Hyacinth Halvey: I have no mind to be settling myself down yet a while. I might maybe take a ramble here or there. There's many of my comrades in the States.

Mrs. Broderick: To go away from Cloon, is it? And why would you think to do that, and the whole town the same as a father and mother to you? Sure, the sergeant would live and die with you, and there are no two from this to Galway as great as yourself and the priest. To see you coming up the street, and your Dublin top-coat around you, there are some would give you a salute the same nearly as the Bishop.

Peter Tannian: They wouldn't do that maybe and they hearing things as I heard them.

Hyacinth Halvey: What things?

Peter Tannian: There was a herd passing through from Carrow. It is what I heard him saying———

Mrs. Broderick: You heard nothing of Mr. Halvey, but what is worthy of him. But that's the way always. The most thing a man does, the less he will get for it after.

Peter Tannian: A grand place in Carrow I suppose you had?

Hyacinth Halvey: I had plenty of places. Giving out proclamations—attending waterworks——.

Mrs. Broderick: It is well fitted for any place he is, and all that was written around him and he coming into Cloon.

Peter Tannian: Writing is easy.

Mrs. Broderick: Look at him since he was here, this twelvemonth back, that he never went into a dance-house or stood at a cross-road, and never lost a half-an-hour with drink. Made no blunder, made no rumours. Whatever could be said of his worth, it could not be too well said.

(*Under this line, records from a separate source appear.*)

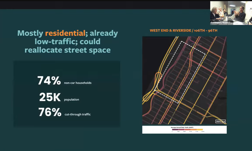 On the Upper West Side, where approximately 25% of households own a car, Open Plans highlighted West End Avenue and Riverside Drive from West 96th to 106th Street as a potential opportunity for an LTN.
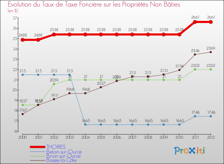 En 2012, le taux de la taxe foncière sur le non bâti vôté par le conseil municipal de Thoires était de : 26.61 %.
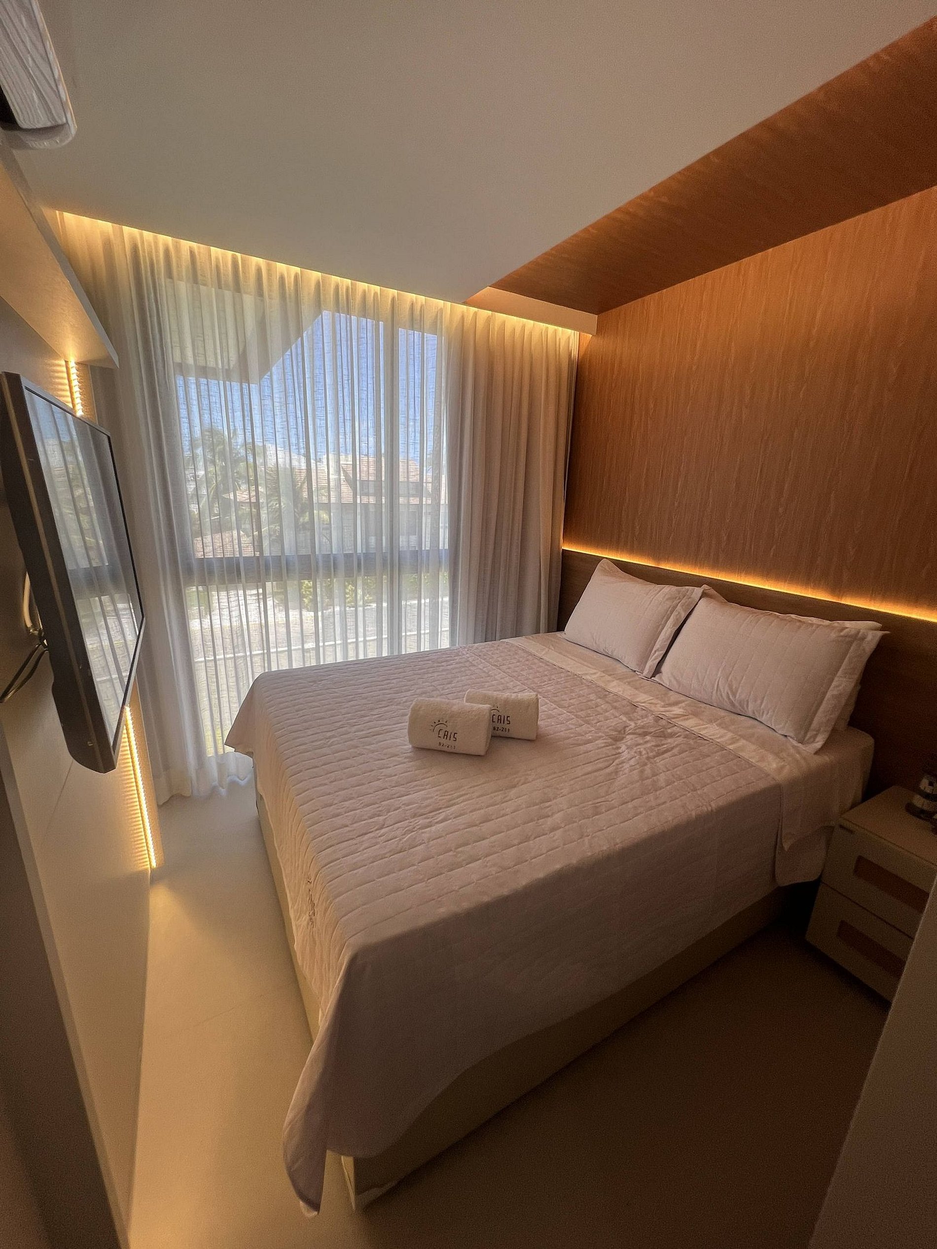 Bedroom with partial sea view, queen bed, wardrobe, TV, and air conditioning;
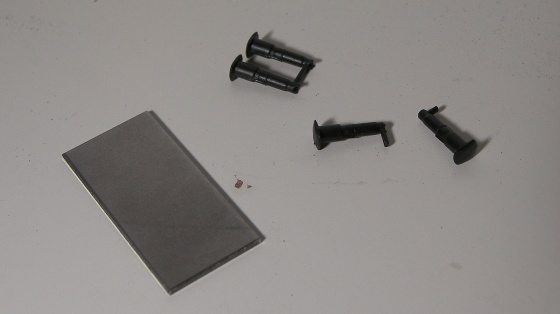Přibalené jsou 4 nárazníky od p. Čambalíka a součástí je i závaží do vozu. Nad těmito díly jsou vidět detailněji čelníky s otvory pro nárazníky (ty zaplují do otvoru naprosto přesně).
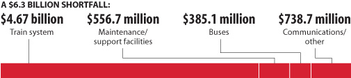 The CTA says it is more than $6 billion short of adequately modernizing its rail and bus lines, a staggering number lost in the debate as the agency lurches from one "doomsday" to another searching for the tens of millions of dollars it needs to keep operating.
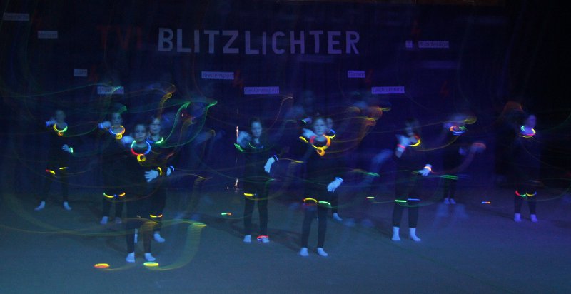 Mit in allen Neonfarben leuchtenden Schläuchen um Hals, Arm, Bein, Brille und Handgelenk, schlugen die von Gabriele Neher, Christina Merkel und Alina Schätz betreuten „Sweet Devils“ wie ein Blitz in die Halle ein, beeindruckende Farbreflexe auf der Nezthaut hinterlassend.
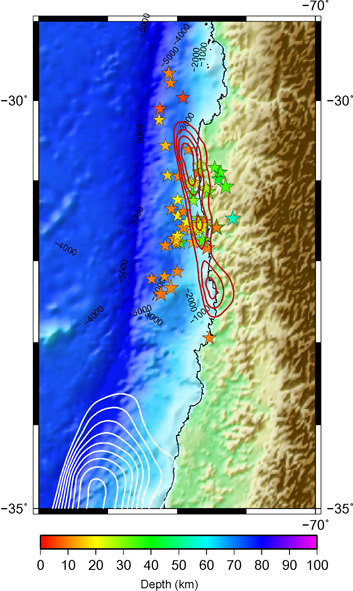 図2 滑り分布(赤いコンターは今回の地震,白いコンターは2010年の地震[Yoshimoto & Yamanaka, 2014])とUSGSによる9/21までの余震活動分布(★の色は深さを示す),
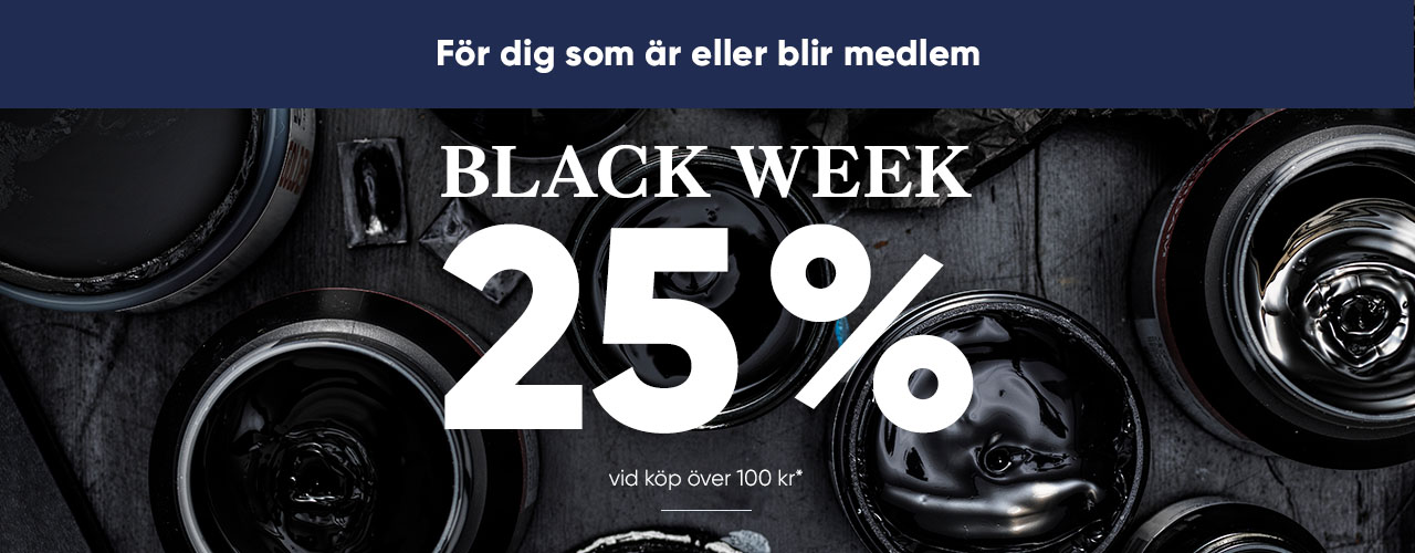 * Rabatten under Black Week gäller för dig som är eller blir medlem vid köp över 100 kr fr.o.m. fredag 21/11 t.o.m. söndag 30/11 2025.
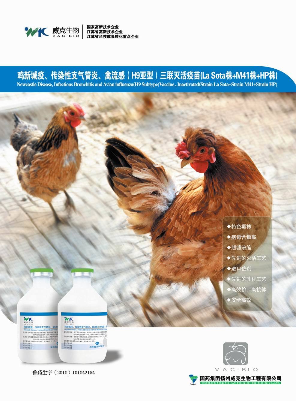 通用名 雞新城疫﹑傳染性支氣管炎﹑禽流感(H9亞型)三聯滅活疫苗 (La Sota株+M41株+HP株)

Hyacinth Halvey: Do you think now, ma'am, would it be any harm I to go spend a day or maybe two days out of this—I to go on the train——.

Miss Joyce: (At door, coming in backwards.) Go back now, go back! Don't be following after me in through the door! Is Mr. Halvey there? Don't let her come following me, Mr. Halvey!

Hyacinth Halvey: Who is it is in it?

(Sound of discordant singing outside.)

Miss Joyce: Cracked Mary it is, that is after coming back this day from the asylum.

Hyacinth Halvey: I never saw her, I think.

Shawn Early: The creature, she was light this long while and not good in the head, and at the last lunacy came on her and she was tied and bound. Sometimes singing and dancing she does be, and sometimes troublesome.